** Work instruction **
Below are some records. Output the lines from the first one through the line that holds "Die Fassade des", exactly as written, with no pictures.
[Start of section]
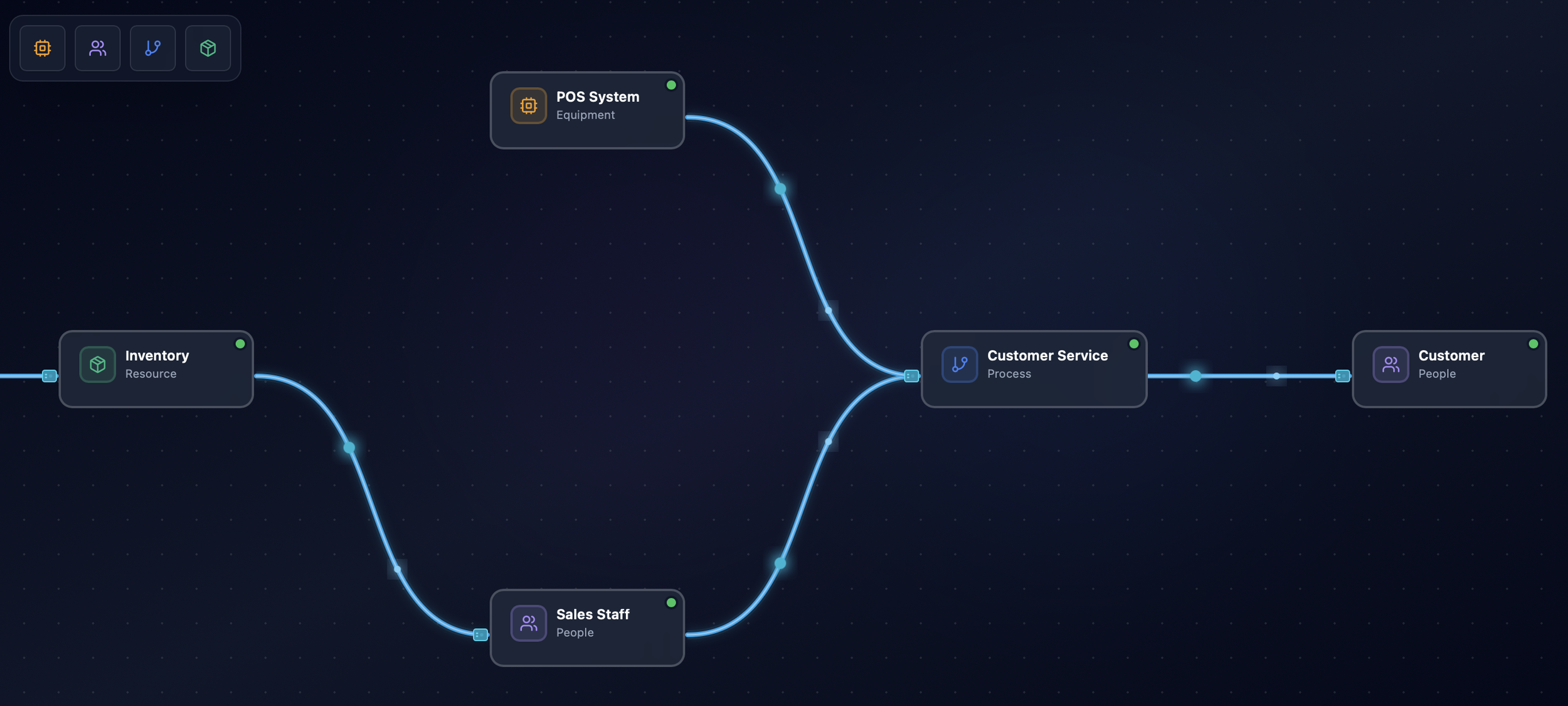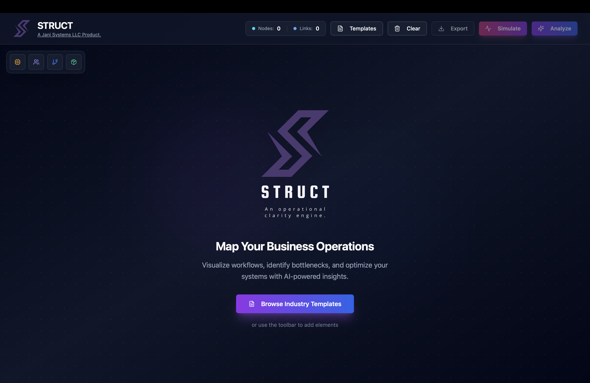 STRUCT is an intelligent visualization and analysis platform designed to help organizations understand, optimize, and strengthen their operational ecosystems. Within the app, users can create comprehensive, real-time maps of their business by connecting nodes that represent critical elements such as equipment, personnel, processes, departments, and resources.
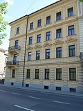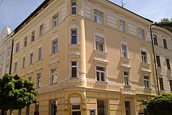 Die Fassade des viergeschoßigen späthistoristischen Mietwohnhauses ist mit neobarockem Dekor gestaltet. | BDA-Hist.: Q37971603 Status: Bescheid Stand der BDA-Liste: 2024-06-15 Name: Wohnhaus GstNr.: 1053/2 |
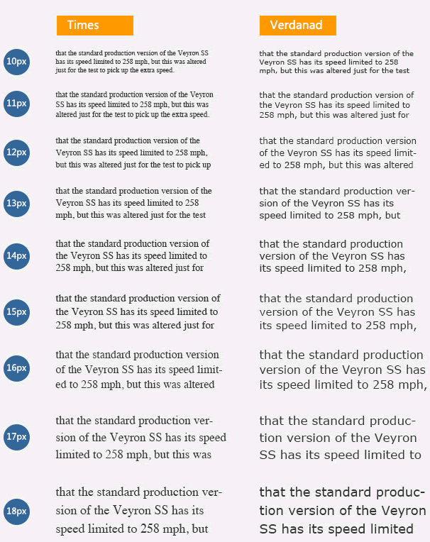 很長(zhǎng)一段時(shí)間里,在互聯(lián)網(wǎng)上我們會(huì)注意這樣的一個(gè)現(xiàn)象,國(guó)外網(wǎng)站大部分以非襯線體為主,而中文網(wǎng)站基本就是宋體。其實(shí)不難理解,襯線字體筆畫有粗細(xì)之分,很小字的情況下細(xì)筆畫就被弱化,受限于電腦的分辨率,10-12px的襯線字體在顯示器上是相當(dāng)難辨認(rèn)的(見(jiàn)下圖);同字號(hào)的非襯線體筆畫簡(jiǎn)潔而飽滿,更適于做網(wǎng)頁(yè)字體。windows下,中文宋體小字點(diǎn)陣的特性,12px、14px的字號(hào)顯示仍然相當(dāng)清晰美觀,便于閱讀。這也就是為什么大多網(wǎng)頁(yè)設(shè)計(jì)制作人員容易機(jī)械性的選用特定字號(hào)或英文或中文的字體。
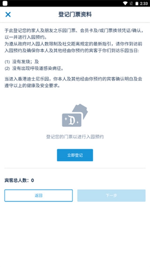7.登记门票资料后点击下一步就可以预约成功了。
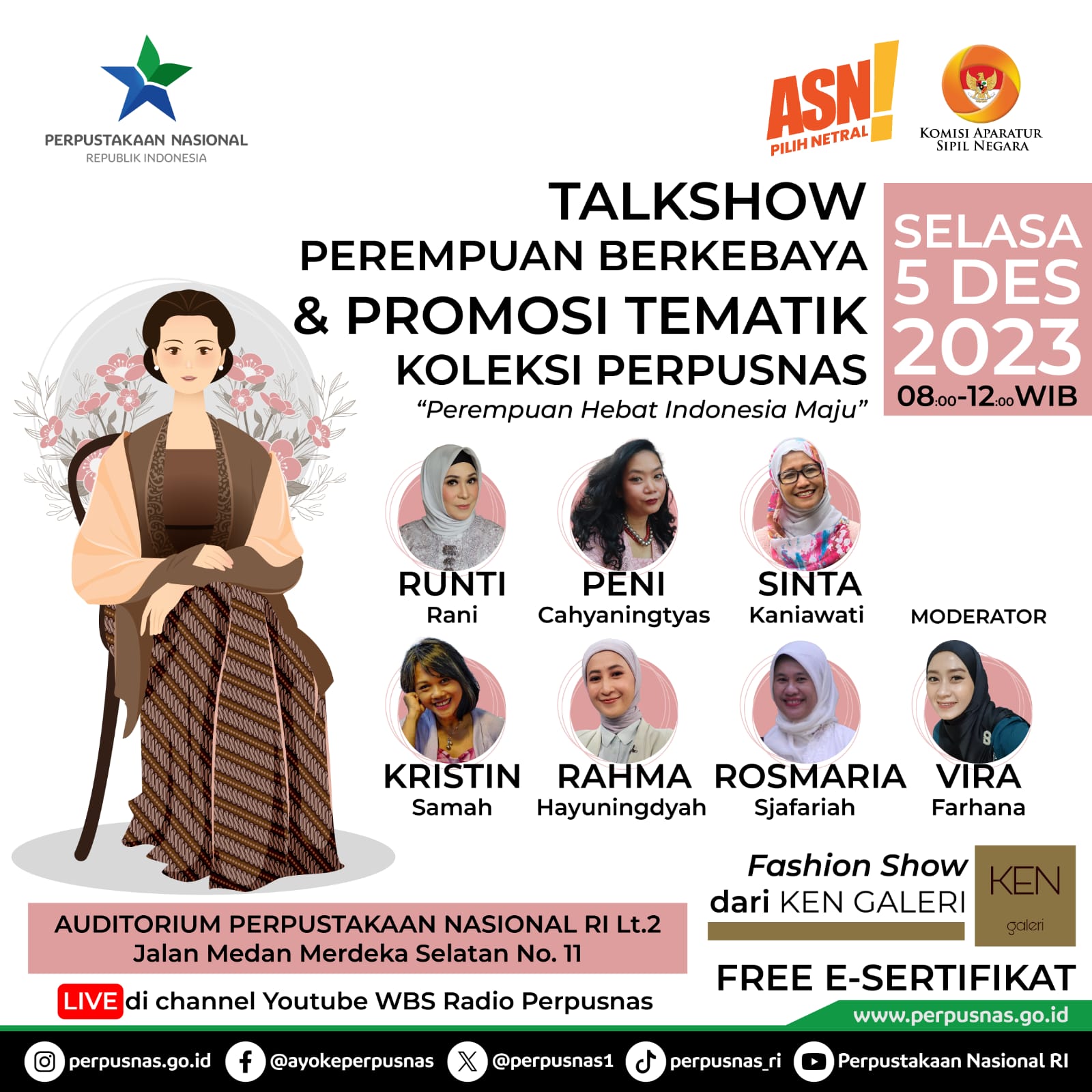 TALKSHOW PEREMPUAN BERKEBAYA di PERPUSNAS Share this: Click to share on Facebook (Opens in new window) Facebook Click to share on X (Opens in new window) X Click to share on LinkedIn (Opens in new window) LinkedIn Like Loading... Related
[End of section]
** Task response **
 STRUCT is an intelligent visualization and analysis platform designed to help organizations understand, optimize, and strengthen their operational ecosystems. Within the app, users can create comprehensive, real-time maps of their business by connecting nodes that represent critical elements such as equipment, personnel, processes, departments, and resources.
 Die Fassade des viergeschoßigen späthistoristischen Mietwohnhauses ist mit neobarockem Dekor gestaltet. | BDA-Hist.: Q37971603 Status: Bescheid Stand der BDA-Liste: 2024-06-15 Name: Wohnhaus GstNr.: 1053/2 |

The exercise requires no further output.